The competition is held over eight rounds from October to December. The pace is largely one round per week, though it slows down midway as different schools take half-term at different points. In each round, a new encryption technique is introduced. They start off very familiar – just a simple Caesar shift in this year’s first round – but get to some pretty meaty stuff by round eight. After the introduction, along with a considerable quantity of plaintext to advance the story, two challenges are presented using that challenge’s technique.

The first (“A”) challenge is meant to be the easier of the two, may be heavily clued by the developing story, and is marked on accuracy only; the second (“B”) challenge – this year, representing files on the servers – may be a little more difficult, or require a little additional lateral thinking, and is marked not only on accuracy but also on speed. Sensibly, the granularity of the scoring means that you don’t have to be able to start the second that the puzzles are released and solve it within minutes and seconds in order to stand a chance. The puzzle release might clash with double chemistry, after all.

As well as spot prizes along the way, the main prizes are awarded on results from the “B” challenges – and, even then, the first two rounds are used as unscored warm-ups, so it’s still not too late to register and be able to compete to win. The scores from the final six “B” challenges are combined to determine the overall winners. The top individual solver wins a grand in the hand; the top team similarly share a thou between them. (Second prize in each contest is £750, also well worth winning.) Many thanks to Trinity College Cambridge, GCHQ, IBM and Winton Capital Management for their sponsorship of the event.

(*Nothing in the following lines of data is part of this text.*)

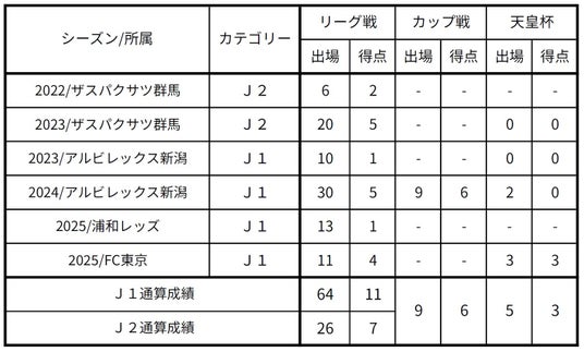 □出場記録(2025シーズン終了時点/Jリーグ所属時のみ)
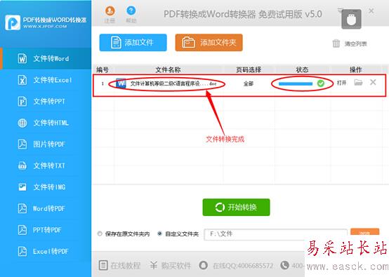 第四步,點擊軟件右下方的“開始轉(zhuǎn)換”按鈕對文件進行轉(zhuǎn)換,軟件轉(zhuǎn)換的速度非常快,用戶等待片刻即可。轉(zhuǎn)換完成后會顯示轉(zhuǎn)換完成提示,這時用戶就可以在設(shè)置的存儲位置找到轉(zhuǎn)換完成的word文檔。
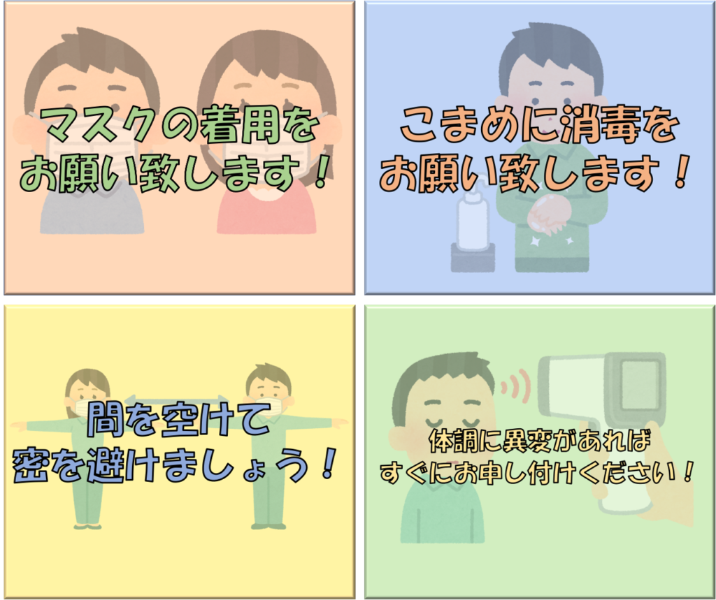 ・開催2週間前よりイベント終了日まで朝の検温と体調チェックを行い、感染の疑いがある場合は参加を見合わせます。
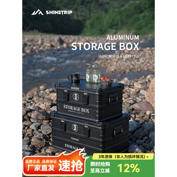山趣户外露营铝合金收纳箱野营装备防尘收纳箱车载集束杂物咖啡箱 大号铝箱-黑色72L

Now if you’re already a National Cipher Challenge participant and love it, you might have found your way here and be thinking “That was cool. What else might I enjoy?” The answer: more than you might think. There are a number of online puzzle hunts where decryption is often a key technique, and no better place to start than the free Order of the Octothorpe. No prizes, just for fun; if you can make a decent fist of the NCC then # will probably not detain you for more than, say, a day or two during the holidays, but you’ll have some laughs (and learn some new things) along the way.

There are events in person as well – though, at time of publishing, sadly not yet really flourishing outside London – of which the annual springtime highlight is probably the global DASH event. While you have to be old enough to visit a pub in order to attend the monthly Puzzled Pint event (and some of the puzzles contain, shall we say, cultural references that skew towards those of drinking age, as well as occasional Americana where it helps to have spent decades watching classic TV shows from across the pond) there’s nothing stopping the enthusiastic but young from getting a Pint habit early.

Lastly, if you enjoy the NCC but also enjoy other sorts of puzzles – think sudoku, then think of kakuro and the other types of logic puzzles that tend to be printed near the sudoku within the better newspapers – then there are hundreds of different sorts of other puzzles that you may enjoy, where you may find example puzzles online to solve at your leisure. One good place to start is janko.at, and enjoy picking through the German language as part of the puzzle.

There are plenty of time-limited online contests that you may enjoy from time to time – see the calendar – leading up to the annual UK Puzzle Championship. (Similarly, if you’re a sudoku specialist, the UK has a championship for that too.) If you’re really good, the height to aspire to after years of practice is your national team for the World Puzzle Championship. Sweet dreams!